##### Available data

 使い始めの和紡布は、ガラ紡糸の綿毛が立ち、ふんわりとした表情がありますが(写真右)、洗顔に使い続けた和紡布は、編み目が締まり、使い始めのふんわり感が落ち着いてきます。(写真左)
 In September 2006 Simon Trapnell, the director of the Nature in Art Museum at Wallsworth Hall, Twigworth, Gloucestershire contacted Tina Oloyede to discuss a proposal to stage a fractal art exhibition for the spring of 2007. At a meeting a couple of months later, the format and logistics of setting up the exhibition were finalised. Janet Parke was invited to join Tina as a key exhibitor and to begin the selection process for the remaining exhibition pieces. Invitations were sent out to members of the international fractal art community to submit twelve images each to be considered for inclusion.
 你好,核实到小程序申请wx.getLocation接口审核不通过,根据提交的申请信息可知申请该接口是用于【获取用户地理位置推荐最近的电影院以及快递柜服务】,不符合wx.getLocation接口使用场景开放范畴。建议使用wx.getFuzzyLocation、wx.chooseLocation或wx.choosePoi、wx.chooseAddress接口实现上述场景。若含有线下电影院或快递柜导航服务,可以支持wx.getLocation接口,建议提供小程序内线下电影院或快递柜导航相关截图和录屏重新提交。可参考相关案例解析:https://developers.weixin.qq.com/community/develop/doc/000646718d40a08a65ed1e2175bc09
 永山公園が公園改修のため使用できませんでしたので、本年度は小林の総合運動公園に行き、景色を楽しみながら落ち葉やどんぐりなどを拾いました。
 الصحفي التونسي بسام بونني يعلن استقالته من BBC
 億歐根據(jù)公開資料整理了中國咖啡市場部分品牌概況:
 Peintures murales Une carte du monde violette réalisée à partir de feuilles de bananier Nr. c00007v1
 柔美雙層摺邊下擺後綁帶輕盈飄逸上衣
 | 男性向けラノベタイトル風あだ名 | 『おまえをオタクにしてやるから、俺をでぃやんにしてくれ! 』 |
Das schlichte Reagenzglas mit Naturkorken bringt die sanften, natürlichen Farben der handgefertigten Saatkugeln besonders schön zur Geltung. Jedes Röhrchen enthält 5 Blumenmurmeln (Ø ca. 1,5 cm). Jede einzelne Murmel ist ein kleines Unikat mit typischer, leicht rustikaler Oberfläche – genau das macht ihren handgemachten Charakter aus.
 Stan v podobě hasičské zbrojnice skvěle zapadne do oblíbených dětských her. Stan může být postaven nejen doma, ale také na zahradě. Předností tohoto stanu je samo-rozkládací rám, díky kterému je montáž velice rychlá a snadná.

##########

Activity: Write the entries above out again. Match them exactly.

Answer section:
 使い始めの和紡布は、ガラ紡糸の綿毛が立ち、ふんわりとした表情がありますが(写真右)、洗顔に使い続けた和紡布は、編み目が締まり、使い始めのふんわり感が落ち着いてきます。(写真左)
 In September 2006 Simon Trapnell, the director of the Nature in Art Museum at Wallsworth Hall, Twigworth, Gloucestershire contacted Tina Oloyede to discuss a proposal to stage a fractal art exhibition for the spring of 2007. At a meeting a couple of months later, the format and logistics of setting up the exhibition were finalised. Janet Parke was invited to join Tina as a key exhibitor and to begin the selection process for the remaining exhibition pieces. Invitations were sent out to members of the international fractal art community to submit twelve images each to be considered for inclusion.
 你好,核实到小程序申请wx.getLocation接口审核不通过,根据提交的申请信息可知申请该接口是用于【获取用户地理位置推荐最近的电影院以及快递柜服务】,不符合wx.getLocation接口使用场景开放范畴。建议使用wx.getFuzzyLocation、wx.chooseLocation或wx.choosePoi、wx.chooseAddress接口实现上述场景。若含有线下电影院或快递柜导航服务,可以支持wx.getLocation接口,建议提供小程序内线下电影院或快递柜导航相关截图和录屏重新提交。可参考相关案例解析:https://developers.weixin.qq.com/community/develop/doc/000646718d40a08a65ed1e2175bc09
 永山公園が公園改修のため使用できませんでしたので、本年度は小林の総合運動公園に行き、景色を楽しみながら落ち葉やどんぐりなどを拾いました。
 الصحفي التونسي بسام بونني يعلن استقالته من BBC
 億歐根據(jù)公開資料整理了中國咖啡市場部分品牌概況:
 Peintures murales Une carte du monde violette réalisée à partir de feuilles de bananier Nr. c00007v1
 柔美雙層摺邊下擺後綁帶輕盈飄逸上衣
 | 男性向けラノベタイトル風あだ名 | 『おまえをオタクにしてやるから、俺をでぃやんにしてくれ! 』 |
Das schlichte Reagenzglas mit Naturkorken bringt die sanften, natürlichen Farben der handgefertigten Saatkugeln besonders schön zur Geltung. Jedes Röhrchen enthält 5 Blumenmurmeln (Ø ca. 1,5 cm). Jede einzelne Murmel ist ein kleines Unikat mit typischer, leicht rustikaler Oberfläche – genau das macht ihren handgemachten Charakter aus.
 Stan v podobě hasičské zbrojnice skvěle zapadne do oblíbených dětských her. Stan může být postaven nejen doma, ale také na zahradě. Předností tohoto stanu je samo-rozkládací rám, díky kterému je montáž velice rychlá a snadná.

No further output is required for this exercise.